#### [EXERCISE DETAILS]
Starting at the first line of the data below, write out each line exactly until you reach the line containing "A Secretaria de", and include that line too.

#### [THE DATA]
===
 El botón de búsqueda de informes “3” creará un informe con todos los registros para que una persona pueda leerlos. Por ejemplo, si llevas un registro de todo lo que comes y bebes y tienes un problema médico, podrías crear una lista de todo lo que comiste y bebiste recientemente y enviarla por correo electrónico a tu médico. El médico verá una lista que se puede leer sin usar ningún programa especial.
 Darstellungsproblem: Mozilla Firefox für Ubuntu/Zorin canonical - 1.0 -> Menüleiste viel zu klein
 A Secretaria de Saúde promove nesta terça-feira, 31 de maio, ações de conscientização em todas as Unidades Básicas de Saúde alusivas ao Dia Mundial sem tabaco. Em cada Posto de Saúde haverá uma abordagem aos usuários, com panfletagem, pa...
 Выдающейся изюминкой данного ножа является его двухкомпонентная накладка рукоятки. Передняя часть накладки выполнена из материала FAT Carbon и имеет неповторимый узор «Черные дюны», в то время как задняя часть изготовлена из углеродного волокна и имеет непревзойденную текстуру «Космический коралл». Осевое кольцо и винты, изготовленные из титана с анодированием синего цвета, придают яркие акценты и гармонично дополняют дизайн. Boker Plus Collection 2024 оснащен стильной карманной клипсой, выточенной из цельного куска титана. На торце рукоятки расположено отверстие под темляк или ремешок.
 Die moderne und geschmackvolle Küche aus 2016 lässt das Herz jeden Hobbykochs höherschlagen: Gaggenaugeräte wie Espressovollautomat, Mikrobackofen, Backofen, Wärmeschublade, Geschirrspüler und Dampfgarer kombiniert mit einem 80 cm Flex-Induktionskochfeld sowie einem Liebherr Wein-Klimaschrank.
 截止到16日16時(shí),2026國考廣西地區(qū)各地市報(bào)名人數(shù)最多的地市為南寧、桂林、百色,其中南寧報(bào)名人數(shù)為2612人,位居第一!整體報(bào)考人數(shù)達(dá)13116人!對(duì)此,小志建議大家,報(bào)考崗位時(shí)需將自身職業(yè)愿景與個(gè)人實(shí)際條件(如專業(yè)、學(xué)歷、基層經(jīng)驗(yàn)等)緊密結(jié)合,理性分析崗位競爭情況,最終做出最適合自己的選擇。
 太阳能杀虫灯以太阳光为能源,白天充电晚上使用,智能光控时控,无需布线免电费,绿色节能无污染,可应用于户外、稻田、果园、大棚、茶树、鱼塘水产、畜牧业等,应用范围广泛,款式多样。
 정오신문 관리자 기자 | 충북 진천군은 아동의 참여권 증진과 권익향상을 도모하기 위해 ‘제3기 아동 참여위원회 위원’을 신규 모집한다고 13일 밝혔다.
===
#### [REPLY TO THE EXERCISE]
 El botón de búsqueda de informes “3” creará un informe con todos los registros para que una persona pueda leerlos. Por ejemplo, si llevas un registro de todo lo que comes y bebes y tienes un problema médico, podrías crear una lista de todo lo que comiste y bebiste recientemente y enviarla por correo electrónico a tu médico. El médico verá una lista que se puede leer sin usar ningún programa especial.
 Darstellungsproblem: Mozilla Firefox für Ubuntu/Zorin canonical - 1.0 -> Menüleiste viel zu klein
 A Secretaria de Saúde promove nesta terça-feira, 31 de maio, ações de conscientização em todas as Unidades Básicas de Saúde alusivas ao Dia Mundial sem tabaco. Em cada Posto de Saúde haverá uma abordagem aos usuários, com panfletagem, pa...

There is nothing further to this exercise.